**Dataset records**
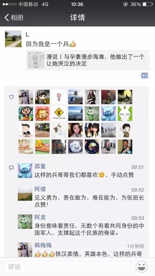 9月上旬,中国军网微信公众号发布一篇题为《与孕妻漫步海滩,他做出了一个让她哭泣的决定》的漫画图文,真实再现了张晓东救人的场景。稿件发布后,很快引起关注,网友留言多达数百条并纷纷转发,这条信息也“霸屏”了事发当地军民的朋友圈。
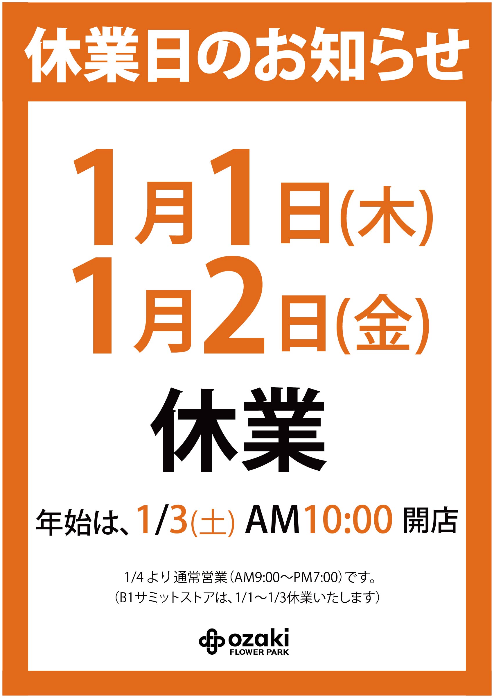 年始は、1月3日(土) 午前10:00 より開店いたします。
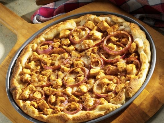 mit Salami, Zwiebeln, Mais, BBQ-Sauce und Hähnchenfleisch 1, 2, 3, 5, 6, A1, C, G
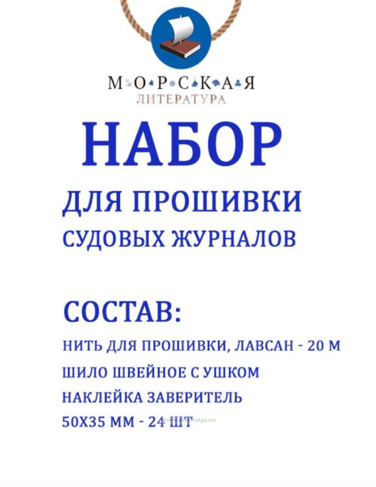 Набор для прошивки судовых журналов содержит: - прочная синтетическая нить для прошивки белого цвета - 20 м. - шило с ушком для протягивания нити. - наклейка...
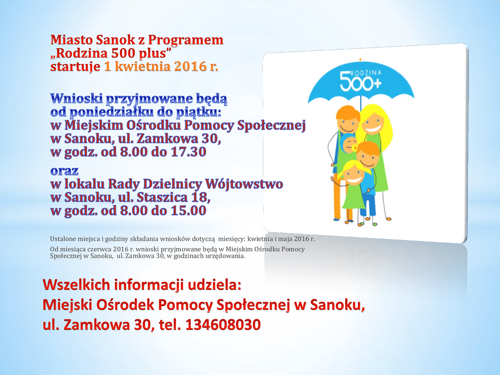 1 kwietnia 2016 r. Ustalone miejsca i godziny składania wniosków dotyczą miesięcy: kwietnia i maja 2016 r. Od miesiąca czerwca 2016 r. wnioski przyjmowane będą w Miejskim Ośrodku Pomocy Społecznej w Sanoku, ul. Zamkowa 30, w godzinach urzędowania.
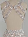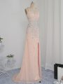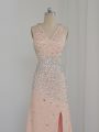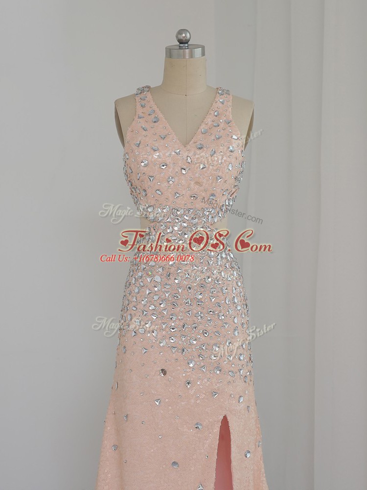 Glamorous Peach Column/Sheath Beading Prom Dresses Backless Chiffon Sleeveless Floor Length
---
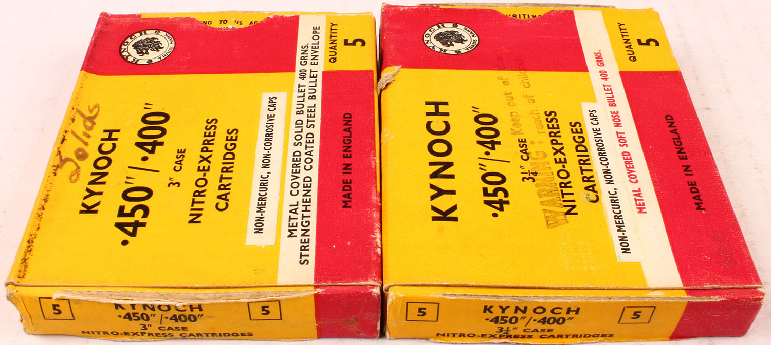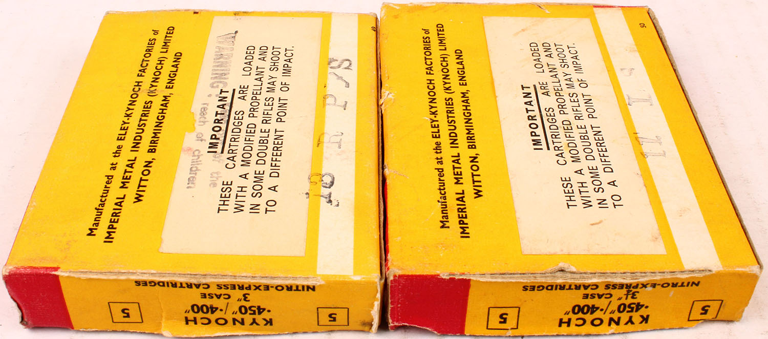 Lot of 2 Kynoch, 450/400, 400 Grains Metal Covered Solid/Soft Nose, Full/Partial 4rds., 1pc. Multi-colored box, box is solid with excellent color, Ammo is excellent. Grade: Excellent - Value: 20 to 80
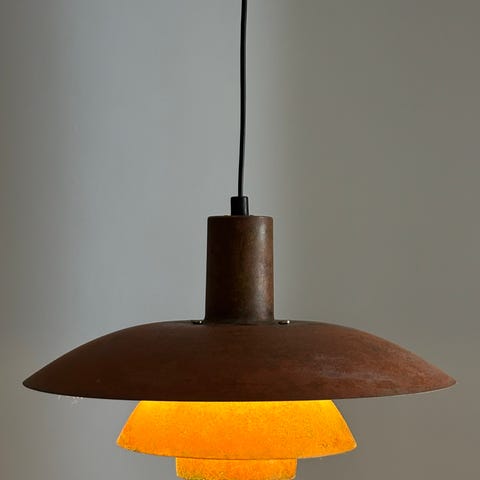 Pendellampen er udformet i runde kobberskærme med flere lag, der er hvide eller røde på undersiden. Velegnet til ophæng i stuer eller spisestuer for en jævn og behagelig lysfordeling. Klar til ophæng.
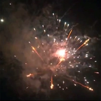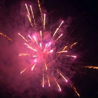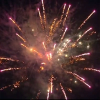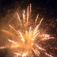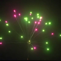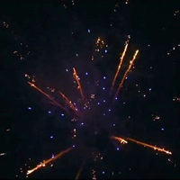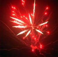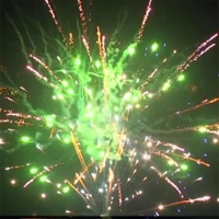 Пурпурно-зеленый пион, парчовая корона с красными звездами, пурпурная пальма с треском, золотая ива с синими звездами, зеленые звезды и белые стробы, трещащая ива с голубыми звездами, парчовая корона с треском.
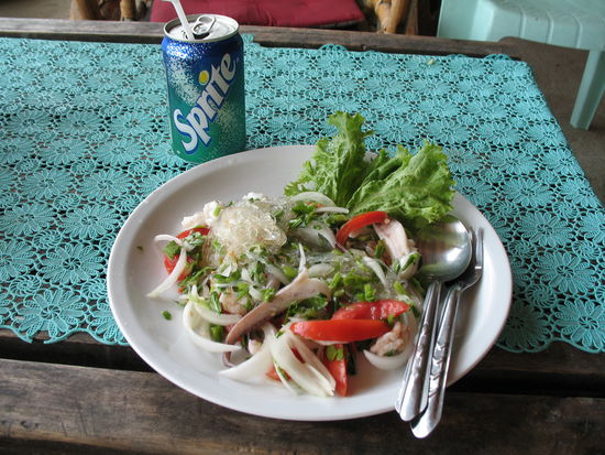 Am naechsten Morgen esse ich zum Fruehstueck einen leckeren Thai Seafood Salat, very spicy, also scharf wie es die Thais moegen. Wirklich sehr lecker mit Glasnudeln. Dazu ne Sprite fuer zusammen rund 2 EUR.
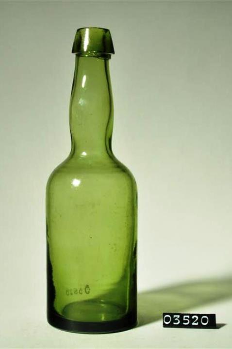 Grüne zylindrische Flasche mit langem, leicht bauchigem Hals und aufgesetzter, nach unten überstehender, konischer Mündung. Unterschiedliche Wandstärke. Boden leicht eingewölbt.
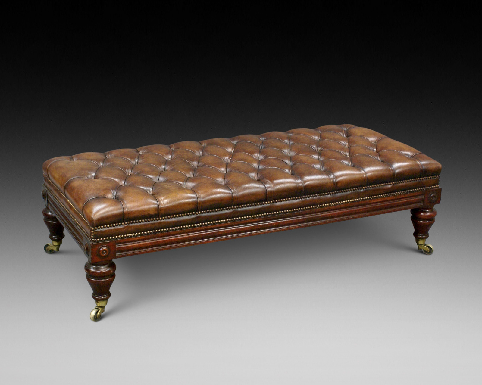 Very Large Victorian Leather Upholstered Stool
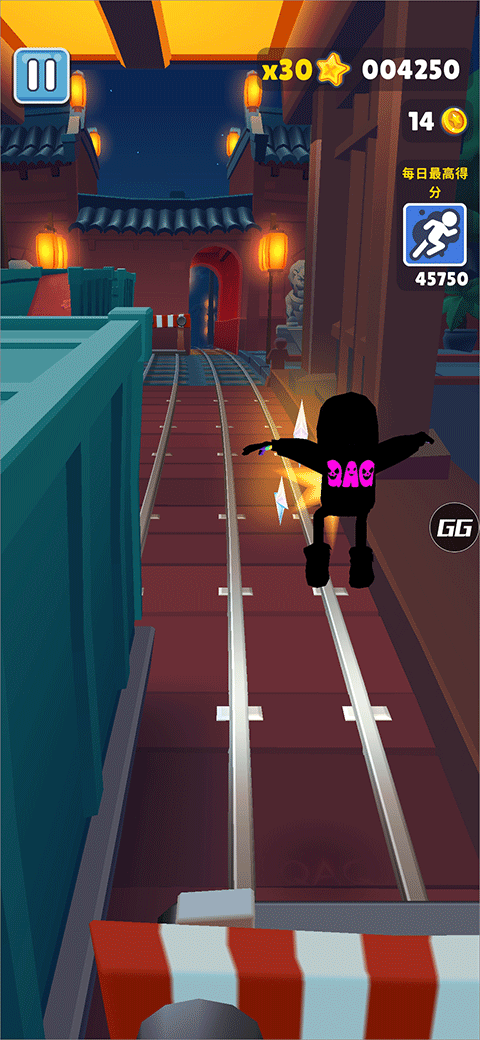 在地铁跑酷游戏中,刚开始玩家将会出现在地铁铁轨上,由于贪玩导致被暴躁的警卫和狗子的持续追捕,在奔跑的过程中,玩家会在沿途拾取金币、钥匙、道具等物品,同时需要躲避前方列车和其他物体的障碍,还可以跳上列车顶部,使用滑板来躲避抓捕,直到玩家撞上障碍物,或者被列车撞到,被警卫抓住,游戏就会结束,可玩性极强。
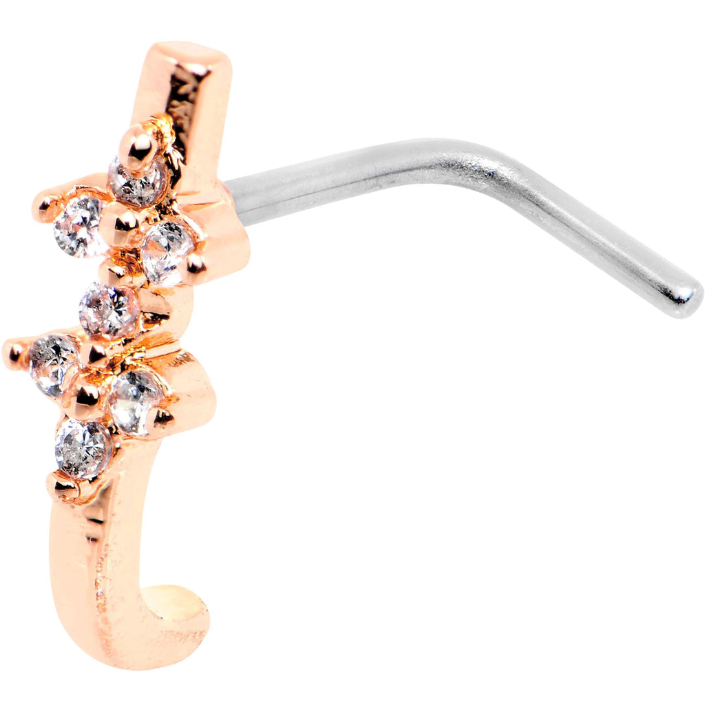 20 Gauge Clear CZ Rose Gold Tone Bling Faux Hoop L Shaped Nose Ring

**Task statement**
From the records above, copy only the lines running from the line holding "Grüne zylindrische Flasche" through the line holding "20 Gauge Clear", with no pictures.

**Answer area**
 Grüne zylindrische Flasche mit langem, leicht bauchigem Hals und aufgesetzter, nach unten überstehender, konischer Mündung. Unterschiedliche Wandstärke. Boden leicht eingewölbt.
 Very Large Victorian Leather Upholstered Stool
 在地铁跑酷游戏中,刚开始玩家将会出现在地铁铁轨上,由于贪玩导致被暴躁的警卫和狗子的持续追捕,在奔跑的过程中,玩家会在沿途拾取金币、钥匙、道具等物品,同时需要躲避前方列车和其他物体的障碍,还可以跳上列车顶部,使用滑板来躲避抓捕,直到玩家撞上障碍物,或者被列车撞到,被警卫抓住,游戏就会结束,可玩性极强。
 20 Gauge Clear CZ Rose Gold Tone Bling Faux Hoop L Shaped Nose Ring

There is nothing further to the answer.